Золотой сгусток света из её ладоней проник в грудь девушки, за ним – ещё один и ещё... Женщина-кошка вливала в неё всю свою нежность, всё живительное тепло Лалады, всю силу Белых гор. Ресницы Миринэ дрогнули и поднялись.

– Миринэ, сестрица! Как ты себя чувствуешь? – сразу кинулась к ней девочка.

– Погоди, ей надо ещё немного времени, чтобы совсем поправиться, – мягко молвила Миромари. И, прильнув губами между бровями своей избранницы, шепнула: – Я с тобой, моя горлинка. Всё хорошо.

– Миромари, – пролепетала та.

Её голос звучал ещё слабо и чуть слышно, но в нём дрожала робкая радость, а взор из-под полуприкрытых век туманился влагой. Женщина-кошка дыханием и поцелуями осушала её намокшие ресницы.
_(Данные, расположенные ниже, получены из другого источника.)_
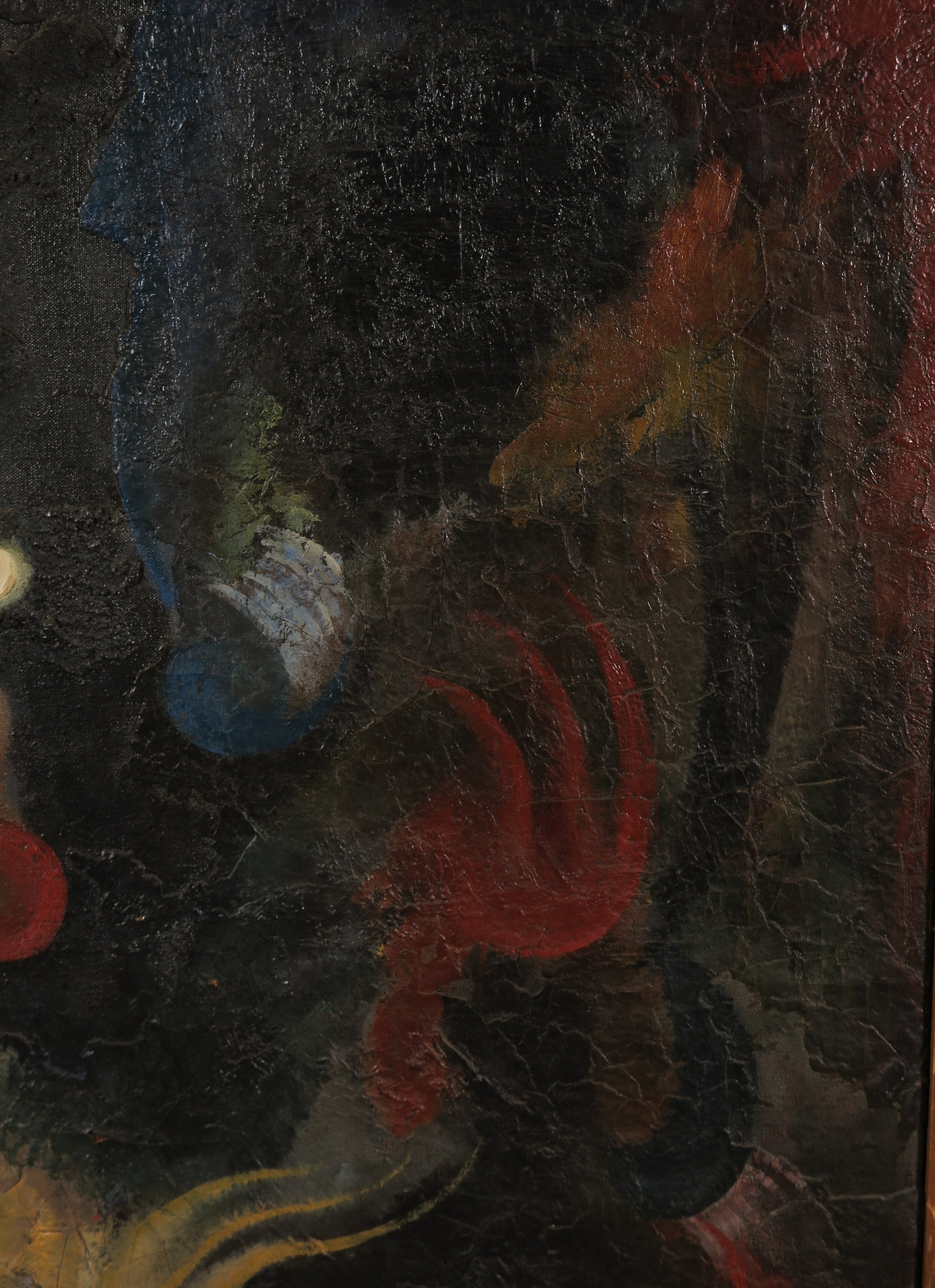 | Wat beschadigingen van de verflaag (bartjes, enkele lacunes). Het doek is wat kromgetrokken. | |

– Ну-ну, ладушка... Всё, всё. Никто тебя не обидит, с Темгуром мы сладили. Война вот-вот кончится – да что там, уже, считай, кончилась. И теперь нас с тобой уже ничто не разлучит.
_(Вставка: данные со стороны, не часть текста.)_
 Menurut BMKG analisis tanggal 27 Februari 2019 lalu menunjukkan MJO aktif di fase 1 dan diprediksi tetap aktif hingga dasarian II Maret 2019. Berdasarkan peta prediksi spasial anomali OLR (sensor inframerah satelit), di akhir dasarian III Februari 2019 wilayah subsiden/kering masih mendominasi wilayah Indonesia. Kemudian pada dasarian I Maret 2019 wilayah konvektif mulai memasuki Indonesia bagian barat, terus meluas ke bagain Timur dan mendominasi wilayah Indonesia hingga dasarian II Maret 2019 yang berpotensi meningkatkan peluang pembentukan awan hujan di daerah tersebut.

Она бережно приподняла любимую и чуть покачивала в объятиях.

– Мне приснился сон... Будто мы с тобой у водопада Тысяча Радуг, – проронила Миринэ, успокоенно закрывая глаза и прильнув головой к плечу Миромари. – Я так хотела, чтобы ты пришла... И ты пришла! Как мне сейчас хорошо...

– И мне виделся тот же самый сон, милая. И ты была в нём. – Женщина-кошка до мурашек наслаждалась живой, тёплой тяжестью её тела в своих руках – каждым мурлычущим мигом этого ощущения, каждым биением сердечка своей лады, которое выжило и не остановилось. – Мы, дочери Лалады, умеем проникать в чужие сны. Нас с тобою связывает ниточка любви, поэтому и у тебя открылась эта способность. Как говорится у нас в Белых горах, с кем поведёшься, от того и наберёшься.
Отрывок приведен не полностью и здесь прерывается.